Exercise instructions: Copy the records below in full and leave every image out of the copy.

Records contained in a dataset:
++++++++++++++++++++
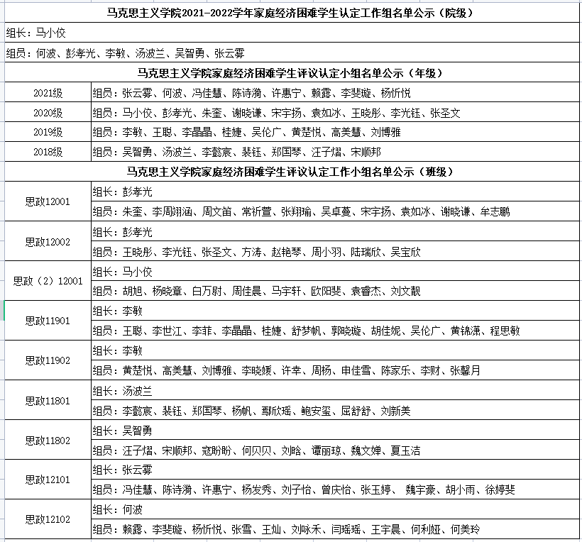 根据91暗网 学生工作处《关于做好2021-2022学年家庭经济困难学生认定工作的通知》,结合学院实际,现将91暗网 2021-2022学年家庭经济困难学生认定评议工作组成员名单公示如下:
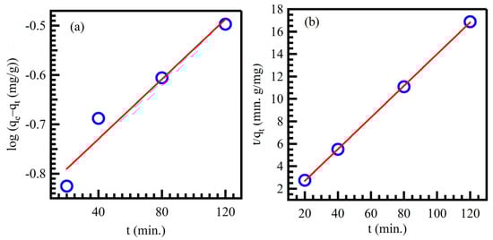 Adsorption kinetics studies provide a great deal of relevant information on the mechanism and performance of adsorption that may be utilized to construct an industrial treatment facility. In this study, two kinetic models, pseudo-first-order Equation (7), and pseudo-second-order Equation (8), were used to model the experimental data and are stated as follows [,]:
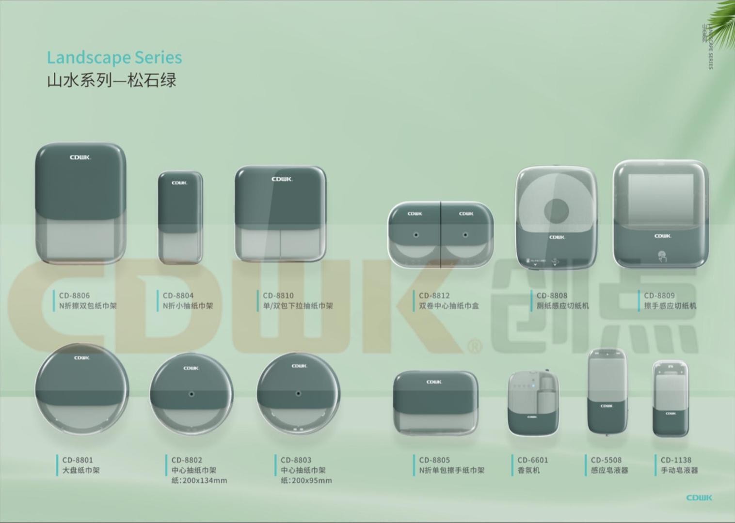 山水系列主打環保理念,崇尚清雅、純凈和自然的設計美學,以材質與肌理抒敘美感,達到“以意構境、以意造型、以意生色”天人合一的狀態。目前,該系列有鉆石白和松石綠兩種顏色,包括了大盤紙巾盒、雙卷紙巾盒、擦手紙巾盒、皂液器、感應切紙機、智能香氛機等產品。設計上以人為本,選擇極簡、留白的設計語言,使用更少的元素,采用雙色拼接,以新潮極簡的設計美學傳遞美好生活方式,同時使得產品呈現出細膩光滑的質感,擁有流暢的線條,極盡演繹簡約輕盈的美學造詣,塑造沉穩亦靈動的空間氣質。
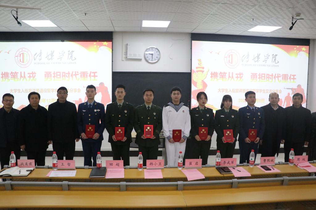会上观看了《传媒学院退役士兵风采》视频,聘任杨韶烨、皱乐等7名学生为传媒学院“征兵宣传员”,并为他们颁发聘书。征兵宣传员主要负责开展大学生征兵政策的宣传工作,聘期一年。
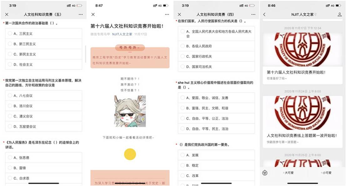 竞赛初赛分为个人赛和团体赛,个人赛成绩优异的学院晋级团体赛。个人赛阶段,经过各二级学院(中心)初选,全校近千名同学通过集中上机测试和定期微信答题的形式,学习和了解党史、新中国史、改革开放史、社会主义发展史等相关内容,做到融会贯通,听党话、跟党走。团体赛阶段,经过激烈角逐,能源与动力凯发、自动化学院、计算机学院和外国语学院四支代表队挺进决赛。
++++++++++++++++++++
Finished exercise:
 根据91暗网 学生工作处《关于做好2021-2022学年家庭经济困难学生认定工作的通知》,结合学院实际,现将91暗网 2021-2022学年家庭经济困难学生认定评议工作组成员名单公示如下:
 Adsorption kinetics studies provide a great deal of relevant information on the mechanism and performance of adsorption that may be utilized to construct an industrial treatment facility. In this study, two kinetic models, pseudo-first-order Equation (7), and pseudo-second-order Equation (8), were used to model the experimental data and are stated as follows [,]:
 山水系列主打環保理念,崇尚清雅、純凈和自然的設計美學,以材質與肌理抒敘美感,達到“以意構境、以意造型、以意生色”天人合一的狀態。目前,該系列有鉆石白和松石綠兩種顏色,包括了大盤紙巾盒、雙卷紙巾盒、擦手紙巾盒、皂液器、感應切紙機、智能香氛機等產品。設計上以人為本,選擇極簡、留白的設計語言,使用更少的元素,采用雙色拼接,以新潮極簡的設計美學傳遞美好生活方式,同時使得產品呈現出細膩光滑的質感,擁有流暢的線條,極盡演繹簡約輕盈的美學造詣,塑造沉穩亦靈動的空間氣質。
会上观看了《传媒学院退役士兵风采》视频,聘任杨韶烨、皱乐等7名学生为传媒学院“征兵宣传员”,并为他们颁发聘书。征兵宣传员主要负责开展大学生征兵政策的宣传工作,聘期一年。
 竞赛初赛分为个人赛和团体赛,个人赛成绩优异的学院晋级团体赛。个人赛阶段,经过各二级学院(中心)初选,全校近千名同学通过集中上机测试和定期微信答题的形式,学习和了解党史、新中国史、改革开放史、社会主义发展史等相关内容,做到融会贯通,听党话、跟党走。团体赛阶段,经过激烈角逐,能源与动力凯发、自动化学院、计算机学院和外国语学院四支代表队挺进决赛。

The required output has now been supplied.